Paul brings out these kinds of thoughts beautifully in Gal. 3:5-14. Especially important is the fact that all the works of the law are under a curse, for “cursed is every one that continueth not in ALL things which are written . . .” (v. 10). We could never get everything right by our own doing. Such a way is a curse, because we so often “mess up,” and so often become aware of our limitations. But Christ became a curse for us (v. 13) by hanging on the cross, so that instead we can receive the blessing of the gift of the Holy Spirit (v. 14) by the righteousness of Jesus Christ. Now we are one with God (vv. 20-21), so that His life is what leads us into all maturity. We are not under the law. Not the law of Moses, nor the New Testament Scriptures taken as law. We are not under the bondage of any man’s interpretation of the Scriptures.

The Scriptures are indeed very important to us, because they came from God, and God uses them to teach us about Jesus. But they are not what we approach God through, in the sense that we come to please God by reading and doing what we read. This is an Old Covenant concept. Rather, the Scriptures are tools in the hand of the Holy Spirit that He uses to teach us and to direct us, and to lead us into the knowledge of Jesus Christ. The difference between these two approaches to God is the difference between day and night. One is by faith in God’s working, the other is our working to try to please God. The first is life, and the second is death.

But, praise God we have freedom from our dead works, and in their place we get God’s living works working within and through us. We are not the head, deciding by our knowledge of the Bible how to please God, but rather Jesus is the head, and He calls the shots by being alive within us, and teaching us daily.

Remember, Jesus promised that the Spirit of Truth would lead us into all of the truth (John 16:13, I Jn. 2:27). We need to lean on this promise as we seek to understand difficult passages.

Also, if we are to understand certain issues, such as did Jesus really mean for us to cut off our hands, we must first understand the core issues of the faith. We must first understand things like: the fact that our hearts are cleansed by faith; that we are made righteous by faith; the new life in Christ; the power of the Holy Spirit; being lead and taught by the Spirit; being full of the Holy Spirit; how not to judge with the flesh but with the spirit; that we are not under law but under grace; liberty; the fact that we are not in the flesh but in the Spirit; etc. We must understand these things which are the essence of the Christian life before we can possibly understand more difficult or fringe issues. How often we find the people of God doing and teaching things in such a way as belies the central core issues of the faith. May God grant us spiritual eyes to see.

As we wait for God to reveal difficult passages, or to reveal what to do when others make claims that we should be doing this or that (which previously the Holy Spirit had not directed us into), we need to abide in peace, because we are right with God by faith (faith in God’s right-ness), not by our perfect understanding and perfect doing of all things. When true spiritual understanding does come in God’s time, what peace and joy and fullness of the Holy Spirit it produces.
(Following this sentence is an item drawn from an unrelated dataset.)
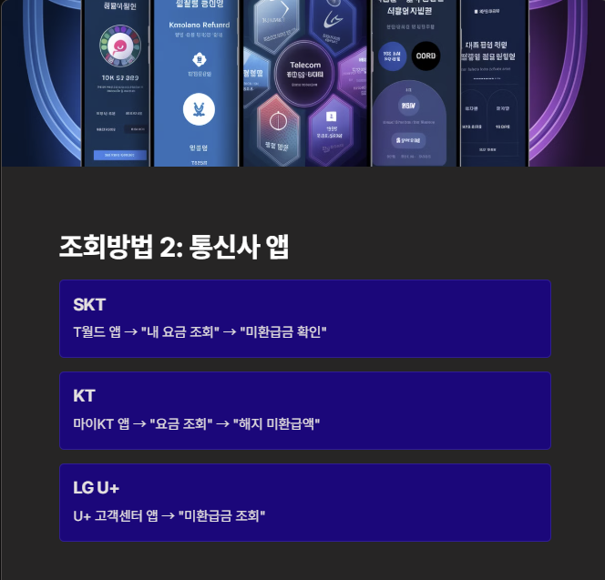 - LG U+: U+ 고객센터 앱 → "미환급금 조회"

And when it comes from God instead of from the mind and pressure and reasoning of men, it comes with a power (and a sense of the presence of God) that builds a true faith within us.
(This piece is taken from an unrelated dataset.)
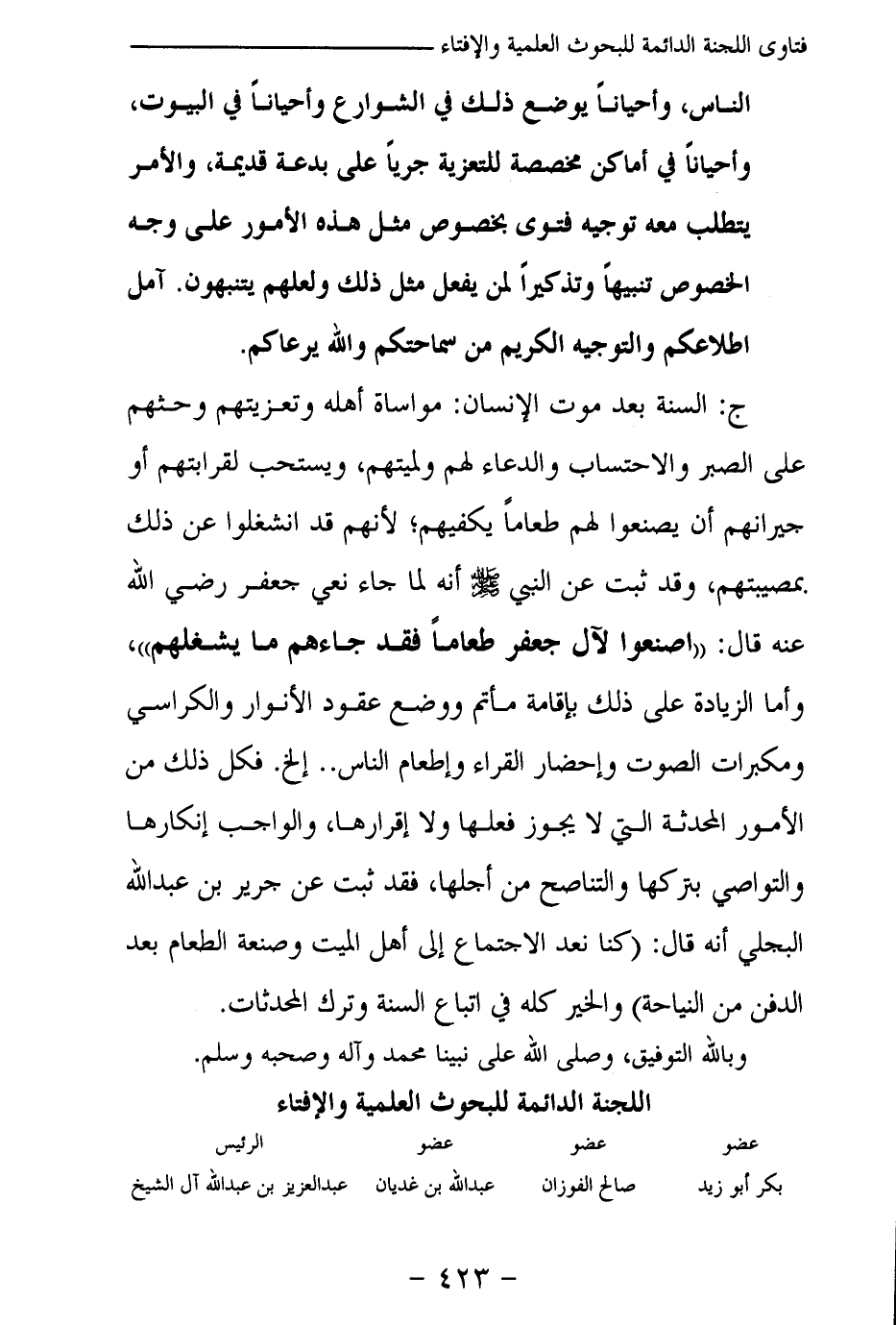 ج: السنة بعد موت الإنسان: مواساة أهله وتعزيتهم وحثهم على الصبر والاحتساب والدعاء لهم ولميتهم، ويستحب لقرابتهم أو جيرانهم أن يصنعوا لهم طعاما يكفيهم؛ لأنهم قد انشغلوا عن ذلك بمصيبتهم، وقد ثبت عن النبي - صلى الله عليه وسلم – أنه لما جاء نعي جعفر رضي الله عنه قال: «اصنعوا لآل جعفر طعاما، فقد جاءهم ما يشغلهم (¬1) » وأما الزيادة على ذلك بإقامة مأتم ووضع عقود الأنوار والكراسي ومكبرات الصوت وإحضار القراء وإطعام الناس.. إلخ. فكل ذلك من الأمور المحدثة التي لا يجوز فعلها ولا إقرارها، والواجب إنكارها والتواصي بتركها والتناصح من أجلها، فقد ثبت عن جرير بن عبد الله البجلي أنه قال: (كنا نعد الاجتماع إلى أهل الميت وصنعة الطعام بعد الدفن من النياحة) والخير كله في اتباع السنة وترك المحدثات.

I still remember when God opened up that passage in Matthew 5:29-30 to me, the one about cutting off your hand and plucking out your eye. I had not been anxious about it, but I longed to understand what truth and reality of walk with God that Jesus was getting at. The Holy Spirit gave it to me this way – this cutting off of the flesh is what Jesus did for us on the cross. This is what Paul meant by “mortify [put to death] therefore your members which are upon the earth,” and we “through the Spirit do mortify the deeds of the body” (Col. 3:5, Ro. 8:13). Of course – it is a spiritual reality, which we experience daily as we walk in the Spirit. He was not talking about some ridiculous act of carnal religion.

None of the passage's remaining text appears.